Chemicals and Chemistry Data
EPA researchers use chemistry data such as chemical structures and physicochemical property information to evaluate thousands of chemicals for potential health effects. Cheminformatics is the backbone of CCTE's ToxCast and the multi-agency Tox21 HTS screening programs.
- DSSTOX
- TEST Predictions
- Collaborative Estrogen Receptor Activity Prediction Project Data: Data and supplemental files from CERAPP (A large-scale modeling project). CERAPP combined multiple models developed in collaboration with 17 groups in the United States and Europe to predict estrogen receptor activity of a common set of 32,464 chemical structures. Quantitative structure-activity relationship models and docking approaches were employed, to build a total of 40 categorical and 8 continuous models for binding, agonist, and antagonist ER activity.
CompTox Chemicals Dashboard
- CompTox Chemicals Dashboard Data: Data specific to the CompTox Chemicals Dashboard releases, including the mappings between the DTXSIDs and the InChIStrings and Keys, SDF files containing all chemical structures and relevant information, and a file containing CAS Number, Preferred Chemical Name and DTXSID file. Note that some CompTox Chemicals Dashboard associated data may be found in other areas within the Downloadable Computational Toxicology Data webpage. Data sources associated with updates to the CompTox Chemicals Dashboard are pointed to in the release notes (where available).
Virtual Tissues
EPA researchers develop virtual tissue computer models to simulate how chemicals may affect human development. Virtual tissue models are some of the most advanced methods being developed today. The models will help reduce dependence on animal study data and provide much faster chemical risk assessments.

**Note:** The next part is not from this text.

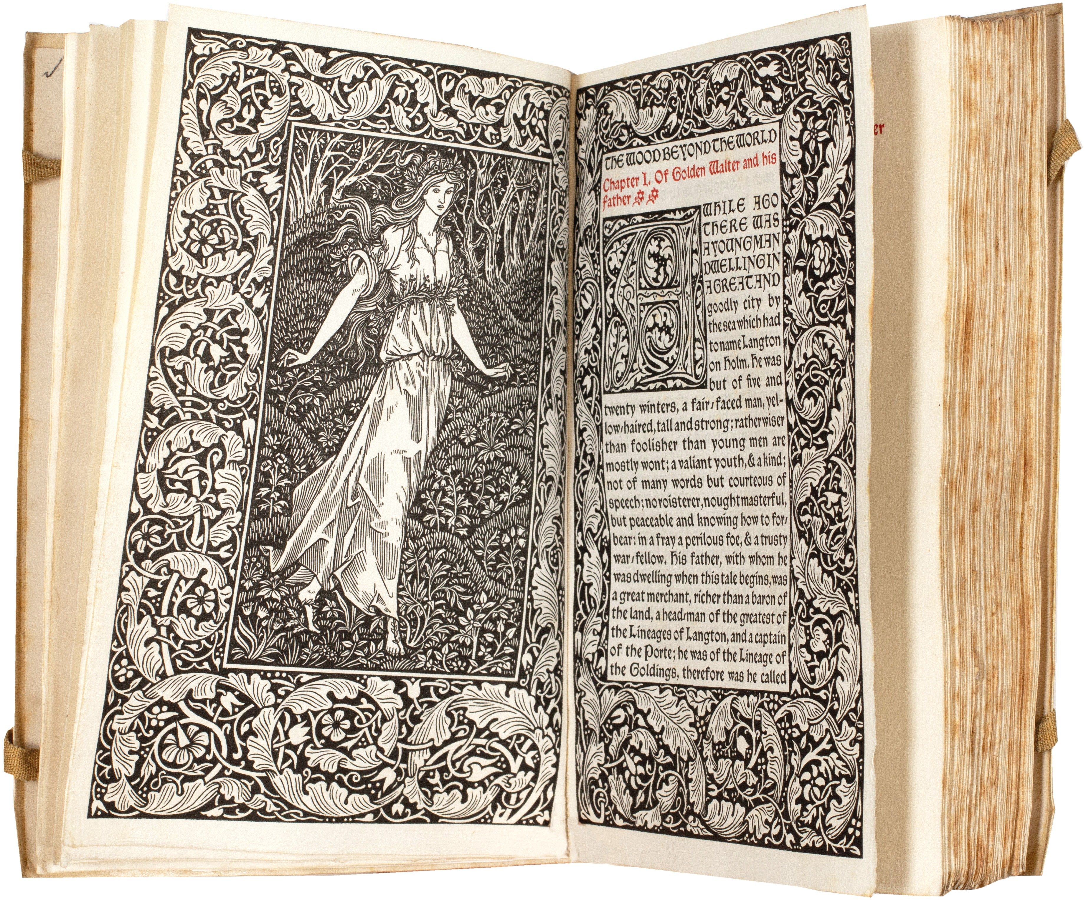 'The Wood Beyond the World was written by Morris specifically for the Kelmscott Press. The borders in this book, as well as the ten half-borders, are here used for the first time ... '. (Peterson).

- Tipping Point Data: EPA researchers develop mathematical models to predict perturbation of biological systems and determine when cellular systems are no longer able to recover. EPA researchers use these models to determine the “Tipping Point”, the point when biological systems are unable to recover from or adapt to chemical exposure. When cellular systems are unable to recover, chemical exposures could lead to adverse outcomes such as cancer.
Literature Mining
- Abstract Sifter: Contains the abstract sifter tool, database, and user guide. The Abstract Sifter is a Microsoft Excel based tool that greatly enhances literature searching in PubMed. The tool implements a novel “sifter” functionality for relevance ranking, giving the researcher a way to find articles of interest quickly. The Sifter assists researchers to triage results and keep track of articles of interest. The tool also gives researchers a view of the literature landscape for a set of entities such as chemicals or genes and makes it easy to dive deeper into areas of interest.